*** Data to process ***
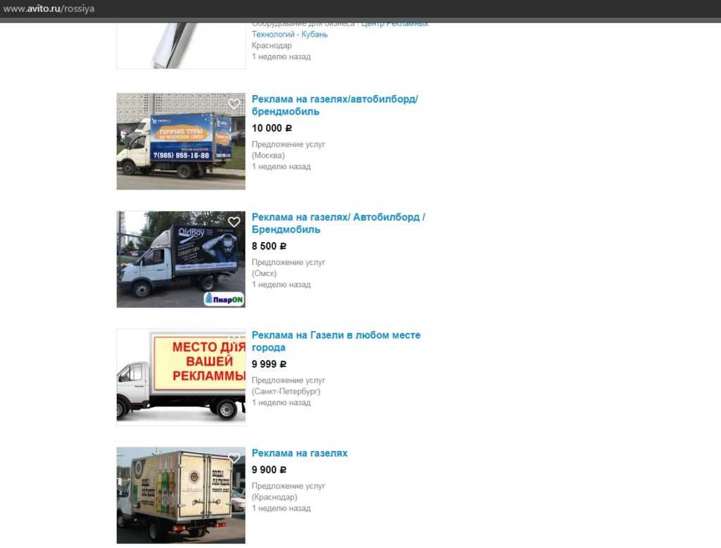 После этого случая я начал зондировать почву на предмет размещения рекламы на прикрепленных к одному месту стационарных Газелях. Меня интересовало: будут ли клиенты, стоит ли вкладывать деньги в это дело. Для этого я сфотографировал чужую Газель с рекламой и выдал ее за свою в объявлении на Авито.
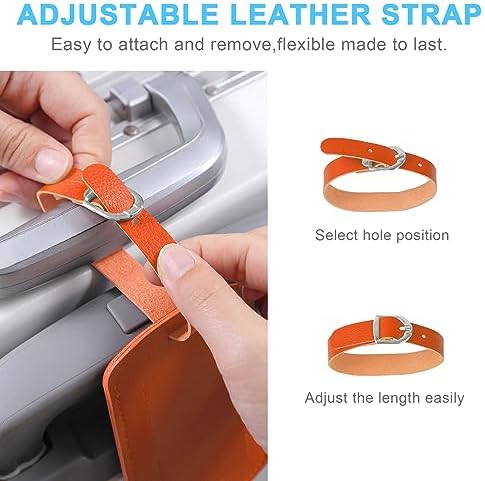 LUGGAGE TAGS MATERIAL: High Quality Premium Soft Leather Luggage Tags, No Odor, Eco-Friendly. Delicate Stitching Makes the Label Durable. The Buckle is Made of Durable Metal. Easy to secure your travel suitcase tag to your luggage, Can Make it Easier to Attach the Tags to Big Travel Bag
***
*** Data to process ***
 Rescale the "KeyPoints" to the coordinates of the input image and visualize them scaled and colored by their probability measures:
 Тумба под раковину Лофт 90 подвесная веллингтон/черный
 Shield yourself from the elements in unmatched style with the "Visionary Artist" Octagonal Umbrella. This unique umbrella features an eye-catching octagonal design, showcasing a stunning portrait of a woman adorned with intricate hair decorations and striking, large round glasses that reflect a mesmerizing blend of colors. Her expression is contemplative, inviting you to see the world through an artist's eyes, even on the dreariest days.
***
Task details »
Retype exactly, and only, the lines above from the one where "to the coordinates" occurs up to and including the one where "Тумба под раковину" occurs.

Answer to this problem »
 Rescale the "KeyPoints" to the coordinates of the input image and visualize them scaled and colored by their probability measures:
 Тумба под раковину Лофт 90 подвесная веллингтон/черный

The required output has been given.